Волшебные глаза Греты Гарбо! Хилый болезненный юноша, затерянный в неисчислимой толпе, одиноко переживает порождаемое ими безмерное волнение. Эта женщина, реальная и недоступная, пробуждает все мыслимые желания. Она безнаказанно улыбается, приоткрывает рот, вытягивает шею, опускает веки. Вот она, живая и досягаемая для миллионов мужчин, но если один из них в припадке безумия ринется к ней, он, как обманутый финтой * бык, наткнется лишь на тряпку, растянутую в пространстве, и обнимет пустоту! Быть может, Грете Гарбо известно, что как-то вечером в Филадельфии, Буэнос-Айресе или Мельбурне один из ее безвестных любовников внезапно вскочил, проложил себе дорогу сквозь разъяренную массу тел, прошел по толпе, как по морю, простирая руки к обожаемому, близкому и неуловимому видению, и ударил головой в лопнувший экран? Странная сцена, напоминающая моему сердцу фразу Рембо: «Потом, о отчаяние, стена незаметно превратилась в тень деревьев, и я погрузился в любовную тоску ночи».
— Да, — тихо продолжала она, — я разнуздала это безумие и боюсь его, так что скрываться меня вынуждает еще и страх: я — женщина, которая изменила миллионам мужчин, я неверна всему человечеству. Что, если из этого людского прилива, из этого океана плоти, затапливающего днем и ночью гроты кинематографов и ежечасно обновляющегося, вынырнет молодой человек, который решил отомстить за себя и всех своих скорбных собратьев?
— Нет, конечно, — успокаивая себя, продолжала она после паузы, — он не узнает меня и не осмелится ударить женщину, неотличимую от прочих. Он увидит, что в жизни я вовсе не Грета Гарбо и не похожа на кинозвезду из журналов.

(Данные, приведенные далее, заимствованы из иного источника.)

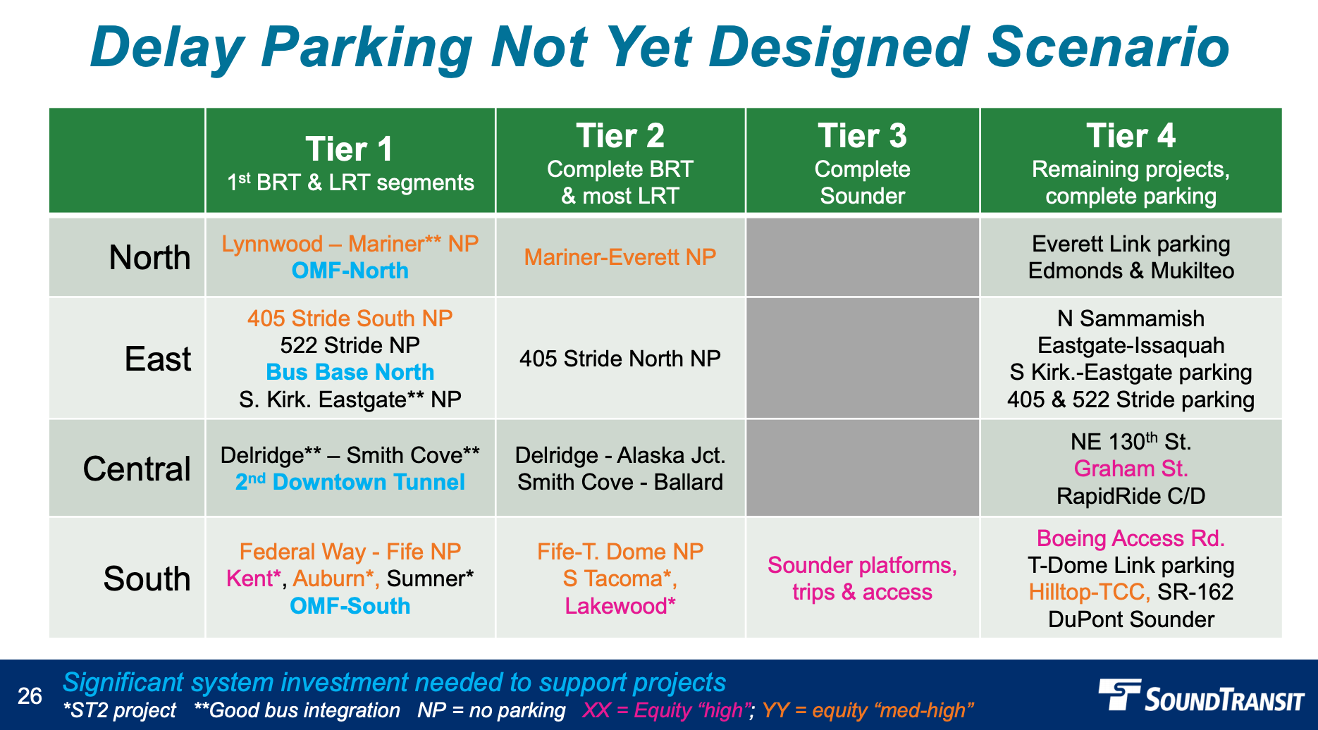 The “delay parking” scenario uses a strategy of smaller incremental light rail projects and separating parking elements of projects into standalone projects. This means that smaller light rail extension segments would be delivered as individual projects — allowing for phasing like Delridge-Alaska Junction, Delgride-Smith Cove, and Smith Cove-Ballard (three projects) versus full West Seattle and Ballard extensions (two projects) — and parking projects could be placed at the back of the line.
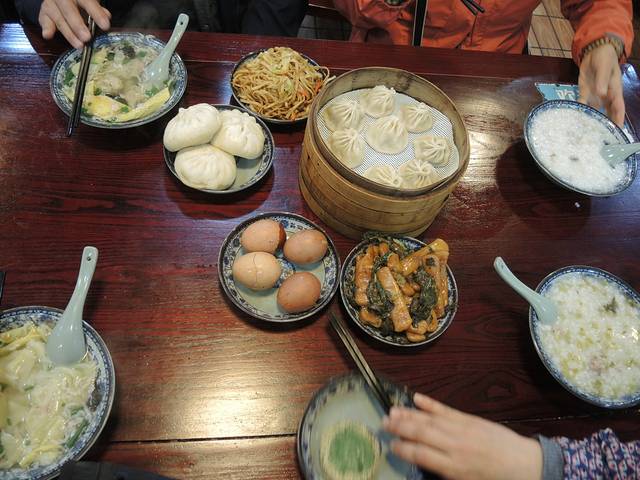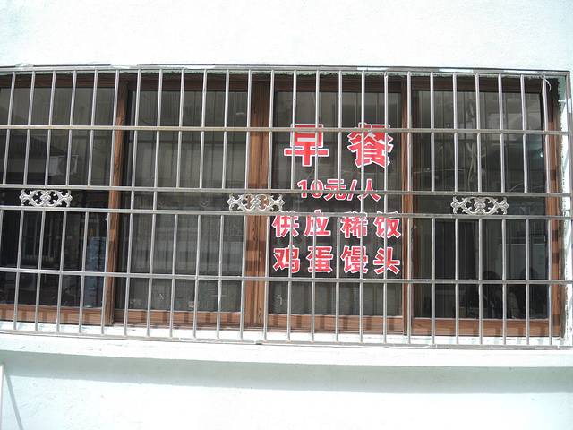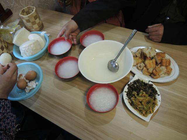 7:55,紫檀提前5分钟赶回了客栈,大家都已准备停当,带好了饮水和零食,就等着紫檀回来一起出发了,他回来得正是时候。到楼下的小饭馆里去吃早饭,一路上几家饭铺的价格都是一样的,我们随便找了一家有空位子的进去。每位十元:每桌油条一盘(由两根切成),煮鸡蛋每人一个,咸菜一碟(不够可添加),馒头和稀粥不限量,吃饱为止。

Она смолкла: ее магический взгляд, устремленный на меня, молил хоть о едином слове сочувствия, и я подумал, что, действительно, только кино предает нас во власть извечного врага — женщины, освобожденной от всего, что в обычной жизни ослабляет ее, обезоруживает, делает менее опасной. Только в кино мы до конца постигаем строки Виньи:
Так нежен голос твой, язвящий так глубоко,
Так красота грозна, так взор порой жесток,
Что в Песни Песней сам премудрый царь Востока
Недаром сильною, как смерть, тебя нарек 1.